== To do ==
For the entries below, return the line holding "Vážení rodiče, žáci" together with all lines after it, unchanged, and leave every picture out.

== Supplied records ==
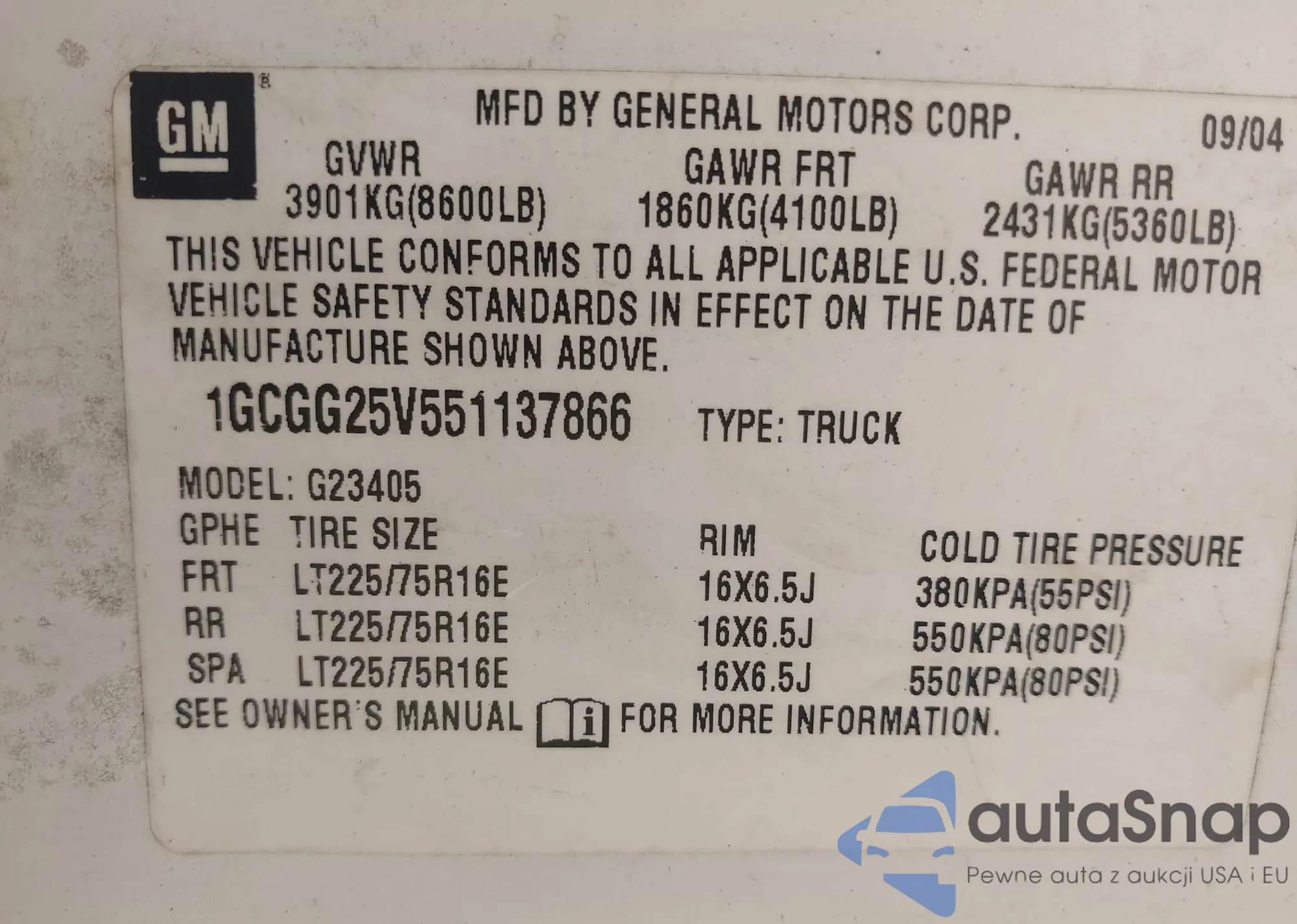 • VIN 1GCGG25V551137866
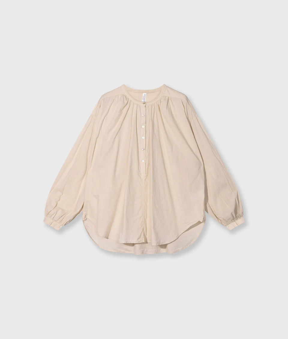 Oversized blouse van GOTS-gecertificeerd biologisch katoen, met een rugpand en manchetten van licht gestructureerd jersey katoen. Ontworpen met een ronde halslijn met geribde kraag, knoopsluiting en gerimpelde details op de schouders, borst en rug. Afgewerkt met een monogramborduursel op de linkermouw, plooien boven de manchetten en een afgeronde zoom.
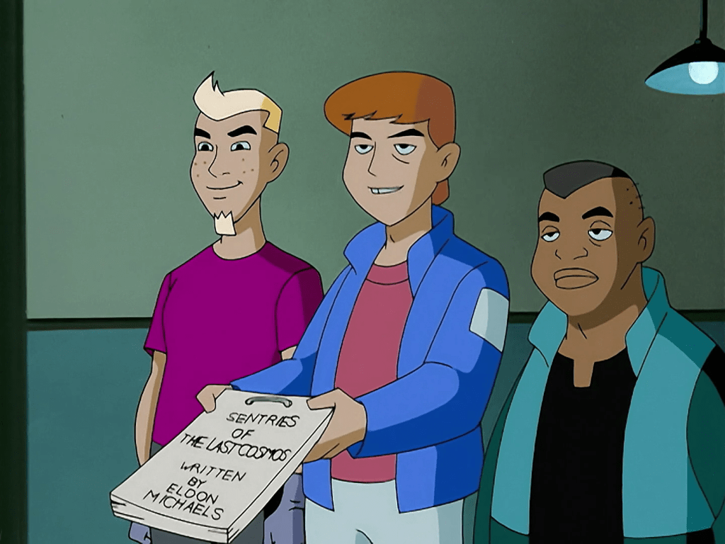 We open with some wacky space stuff! Lasers! Hovercraft! An alien planet! Turns out the whole thing is a VR game called Sentries of the Last Cosmos, being played by Terry, Max and their friend, Corey.
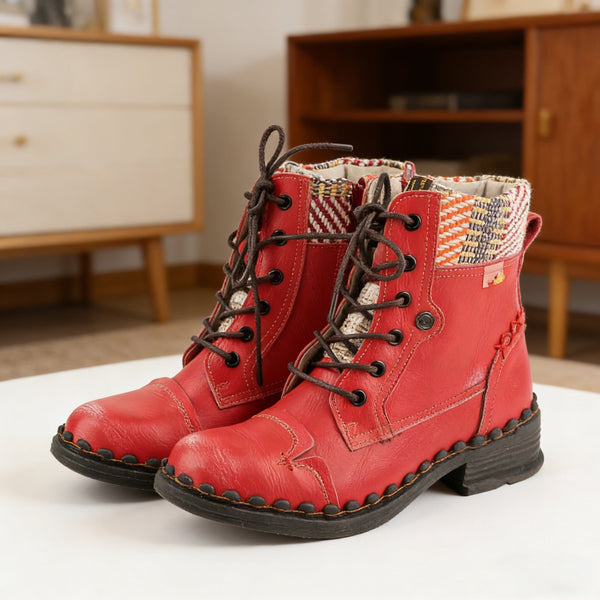The contrasting fabric label on the cuff, embroidered stitching on the side, mint-green trim by the zipper, even the eyelets are vintage silver buckles—it’s like wearing handmade market texture on your feet✨ The soft leather lining at the collar feels warm when brushing against your ankle; detail freaks are totally "hooked."
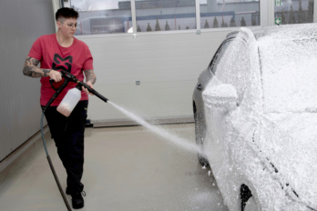 - Het flink schuimende reinigingsschuim kan worden gebruikt voor het voorreinigen als sneeuwschuim in een schuimpistool of een schuimsproeier en als shampoo voor het handmatig wassen van voertuigen
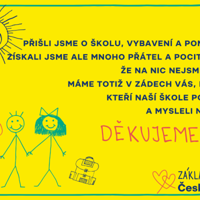 Vážení rodiče, žáci i přátelé školy, velmi děkujeme za Vaši spolupráci při podpoře zatopené školy v České Vsi na Jesenicku. Během několika týdnů se v naší škole vybrala částka 20.000,-. Tato byla odes...
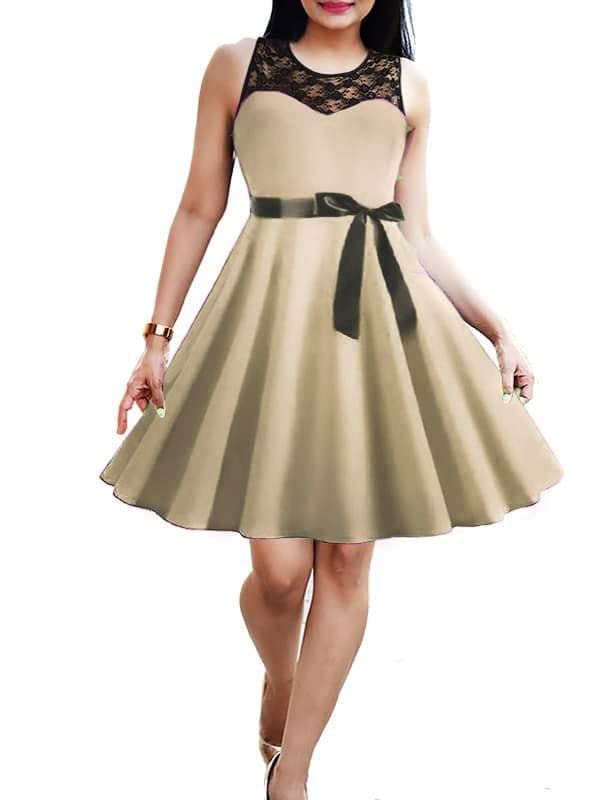 Generic - فستان نسائى اسكوبا مزين بدانتيل اسود معاة حزام ستان
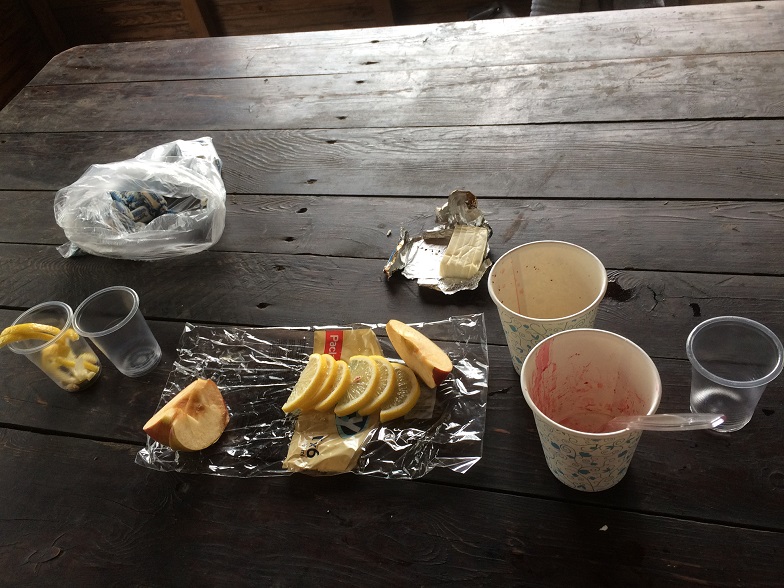 Я приехала. Беседка пустая, но оставлено яблоко, хлеб, сыр.
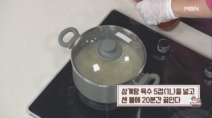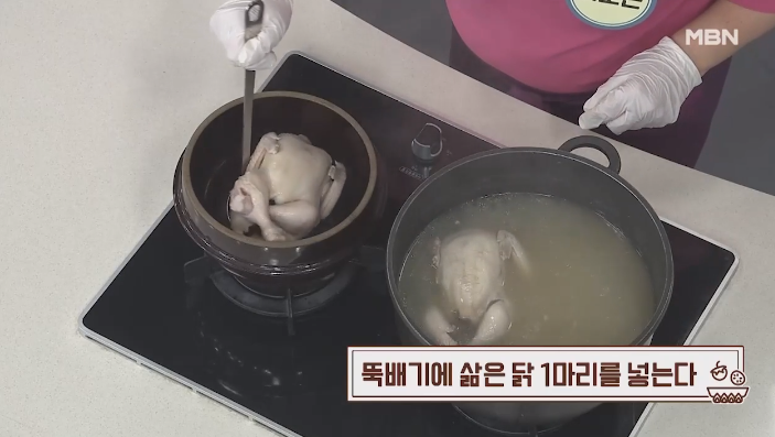 16. 삶은 닭 1마리와 인삼, 육수를 뚝배기에 담아 주세요.
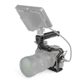 De SmallRig 3009 Master Kit voor Sony Alpha 7S III A7S III A7S3 bevat een aluminium cage, een HDMI-kabelklem, een dunne NATO-rail en een NATO-handgreep met snelsluiting. De cameracage is voorzien van talrijke 1/4 "-20 en 3/8" -16 montageschroefdraden, een NATO-rail, een koude schoenbevestiging en ARRI-achtige bevestigingen voor accessoires.
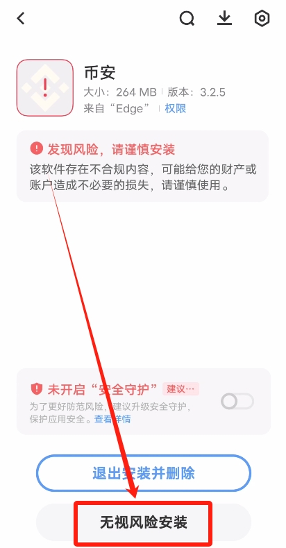 下载完成后需允许本次安装,系统可能提示安全风险,这是因为安装包并非来自官方应用商店。确认是从币安官网下载的正版应用后,选择忽略风险继续安装。
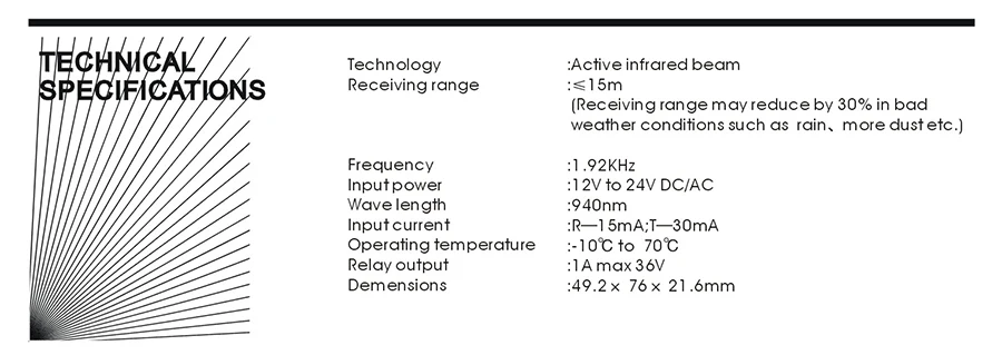 Площадь детектора: в помещении 20 м. Уличный 10 м Рабочее напряжение: 12 В, 24 В постоянного тока (не может работать с мощностью переменного тока, руководство пользователя неправильно) Рабочий ток: 50 мА Температура: + 70 ~ (-20) Размер: 76x49,2x21,6 мм Водонепроницаемость, УФ-защита
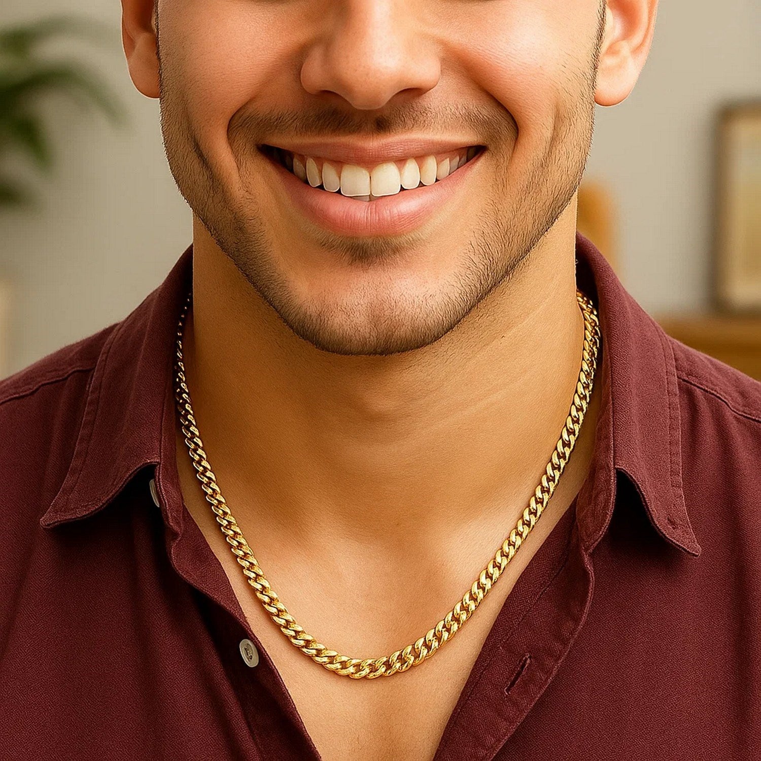 This classic Miami cuban solid chain comes in 14k yellow gold and has a width of 5 millimeters.

== Task result ==
 Vážení rodiče, žáci i přátelé školy, velmi děkujeme za Vaši spolupráci při podpoře zatopené školy v České Vsi na Jesenicku. Během několika týdnů se v naší škole vybrala částka 20.000,-. Tato byla odes...
 Generic - فستان نسائى اسكوبا مزين بدانتيل اسود معاة حزام ستان
 Я приехала. Беседка пустая, но оставлено яблоко, хлеб, сыр.
 16. 삶은 닭 1마리와 인삼, 육수를 뚝배기에 담아 주세요.
 De SmallRig 3009 Master Kit voor Sony Alpha 7S III A7S III A7S3 bevat een aluminium cage, een HDMI-kabelklem, een dunne NATO-rail en een NATO-handgreep met snelsluiting. De cameracage is voorzien van talrijke 1/4 "-20 en 3/8" -16 montageschroefdraden, een NATO-rail, een koude schoenbevestiging en ARRI-achtige bevestigingen voor accessoires.
 下载完成后需允许本次安装,系统可能提示安全风险,这是因为安装包并非来自官方应用商店。确认是从币安官网下载的正版应用后,选择忽略风险继续安装。
 Площадь детектора: в помещении 20 м. Уличный 10 м Рабочее напряжение: 12 В, 24 В постоянного тока (не может работать с мощностью переменного тока, руководство пользователя неправильно) Рабочий ток: 50 мА Температура: + 70 ~ (-20) Размер: 76x49,2x21,6 мм Водонепроницаемость, УФ-защита
 This classic Miami cuban solid chain comes in 14k yellow gold and has a width of 5 millimeters.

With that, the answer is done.